Differential Search Algorithm-based Parametric Optimization of Fuzzy Generalized Eigenvalue Proximal Support Vector Machine
This work addresses classification challenges in noisy real-world data for machine learning practitioners, but it is incremental as it builds on existing GEPSVM methods.
The paper tackled the problem of SVM complexity and noise sensitivity by proposing DSA-GEPSVM, which uses fuzzy values and a new kernel with DSA for parameter optimization, achieving higher classification accuracy compared to other algorithms.
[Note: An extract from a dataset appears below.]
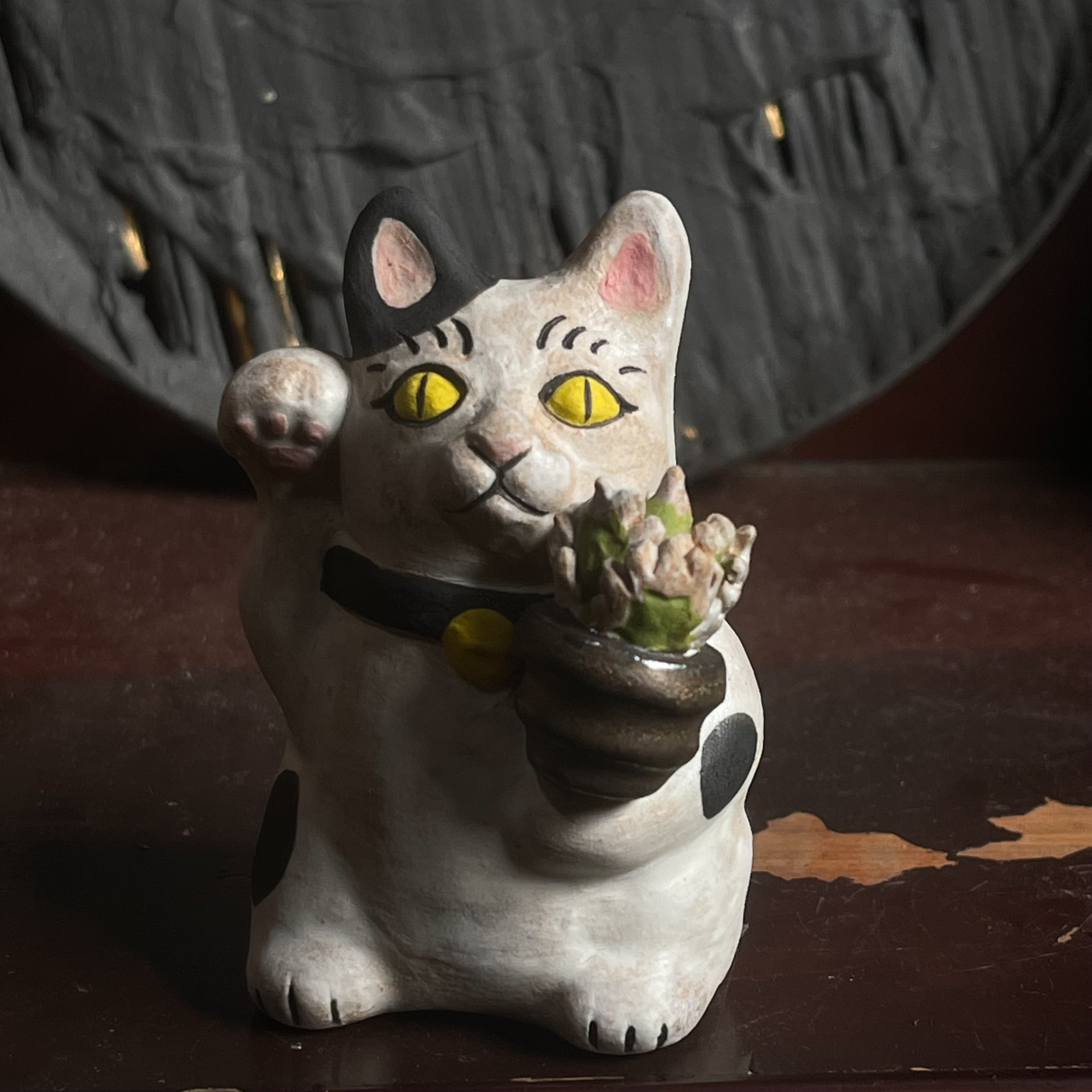 「胖胖貓園藝師,抱著嚴龍盆景的乳牛貓招財貓」

Support Vector Machine (SVM) is an effective model for many classification problems. However, SVM needs the solution of a quadratic program which require specialized code. In addition, SVM has many parameters, which affects the performance of SVM classifier. Recently, the Generalized Eigenvalue Proximal SVM (GEPSVM) has been presented to solve the SVM complexity. In real world applications data may affected by error or noise, working with this data is a challenging problem. In this paper, an approach has been proposed to overcome this problem. This method is called DSA-GEPSVM. The main improvements are carried out based on the following: 1) a novel fuzzy values in the linear case. 2) A new Kernel function in the nonlinear case. 3) Differential Search Algorithm (DSA) is reformulated to find near optimal values of the GEPSVM parameters and its kernel parameters. The experimental results show that the proposed approach is able to find the suitable parameter values, and has higher classification accuracy compared with some other algorithms.